------ Data extract ------
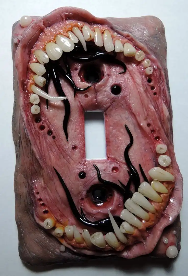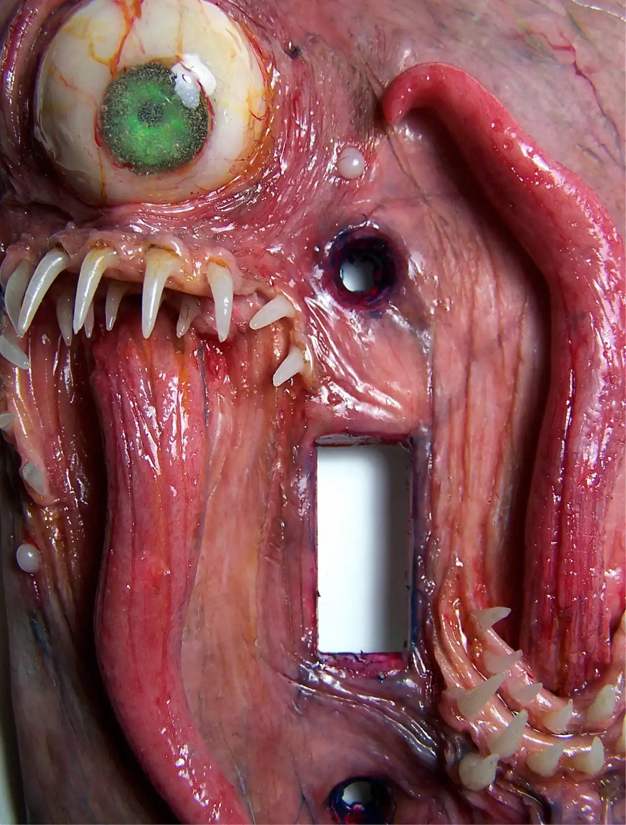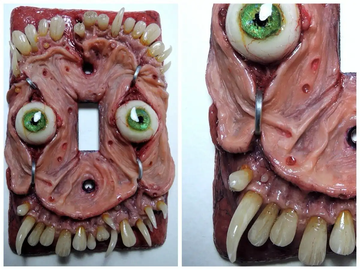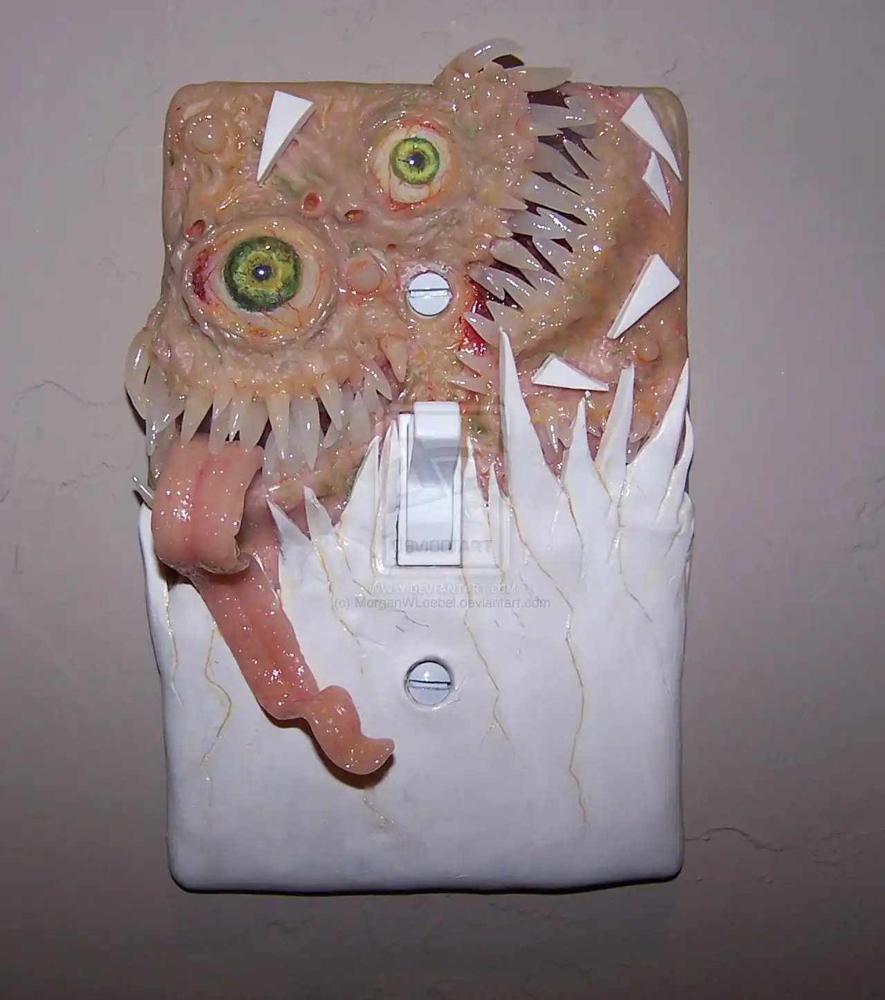 Аксессуары и различные «украшательства» для дома в виде выключателей, фигурок, ручек книг и розеток понравятся всем любителям ужастиков и фильмов о пришельцах. Занимательные фигурки от американского художника Morgan Loebel (который предпочитает называть себя Morgans Mutations) ужасают. Использование невероятного количества реалистичных зубов и глазных яблок только усиливает впечатление.
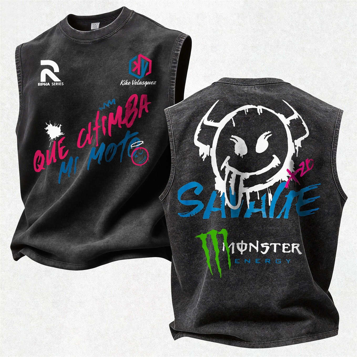 Kike Velasquez Savage Monster Energy Printed Men's Washed Vest
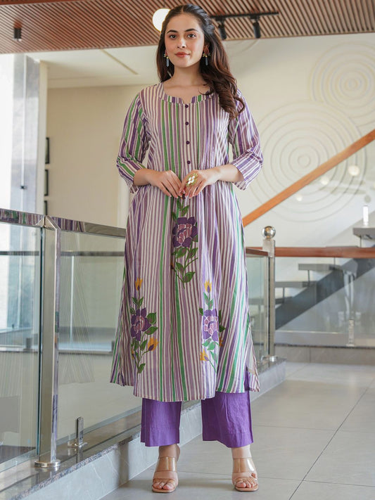 Dhiyona IE Printed Pure Cotton A-Line Tunic & Trousers Co-Ord Set
------
*Task prompt:* Do not include the pictures. Quote only the lines from the line with "Kike Velasquez Savage" through the end of the material, both ends included, exactly.

*Response box:*
 Kike Velasquez Savage Monster Energy Printed Men's Washed Vest
 Dhiyona IE Printed Pure Cotton A-Line Tunic & Trousers Co-Ord Set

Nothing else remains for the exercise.